Explain the results - Question 5:

   The model to predict COVID-19 positive cases per week gives rather good
   result
    with a global score of 0.88.
   Analysis of the contribution of every parameters shows that the result is
    mainly linked with the Occupancy rate (TO) which is actuall rather 
	consequence of the prediction.
   It shows a high level a correlation between the number of positive cases
    and the amount of work in the hospitals despite the vaccination campaign.

FINDINGS

About 6% of data were removed from the initial data set due to missing 
 values. It concerns mainly first set of data at the beginning of the data 
 collection.
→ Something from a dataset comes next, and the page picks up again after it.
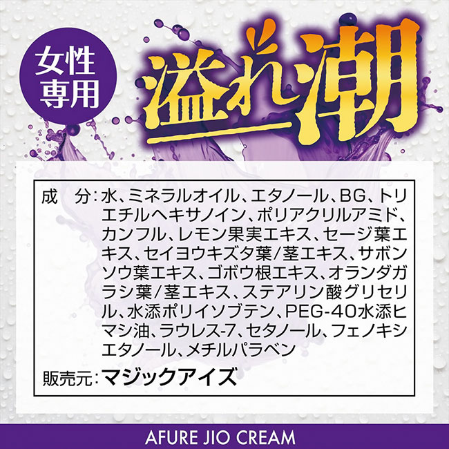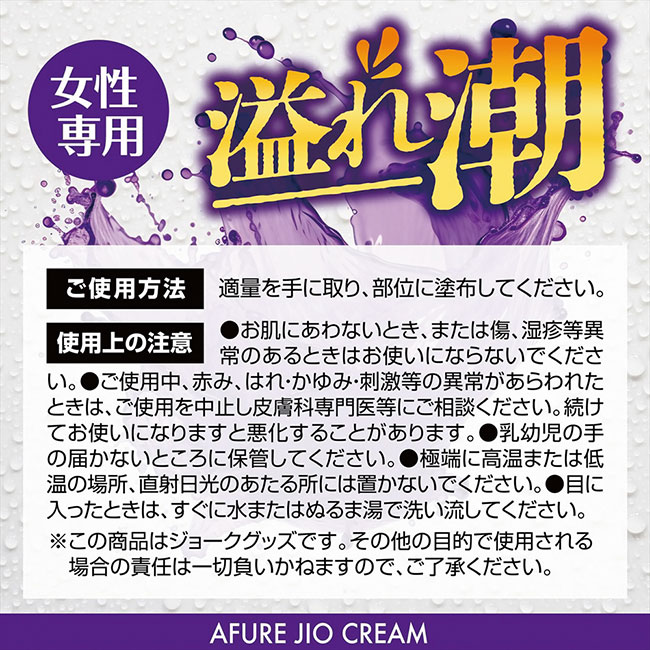 女性専用クリーム。ヒアルロン酸と天然オイルが活気と引き出し、カンフルが官能を誘う。純日本製の潮が溢れる、溢れ潮クリームは1人でも複数人でもご使用いただけます。パッケージサイズ:7.5×5.8×2.6cm本体サイズ:2.6×3.6×3.6cm 内容量:10g

Indeed, method, measure, collection and presentation of data 
 change in time before getting the current format of data.
 Nevertheless, we benefit from a huge amount of valid data for the analysis.
 
Computation of some rates raised the problem of division by 0. While taking 
 about group of people and with the will of showing result for every 
 department, I replace 0 by 1 when necessary.
 
I also face infinite values; then I replaced with infinite values by maximum
 numerical values of the serie, in order to be reasonable realistic and show
 result.

Although testing several type of models, I kept the Linear Regression which
 give rather good results with an implementation rather simple. 
I wonder if some other type of models could be more suitable in this case.

Display of maps and plots from the Notebook was not easy due to difficulties
of installation of additional libraries and other things required to make it 
run correctly; all these installations were not possible on my profressional
laptop to safety policy of my company.
Nevertheless, display of these graph is possible with the python code.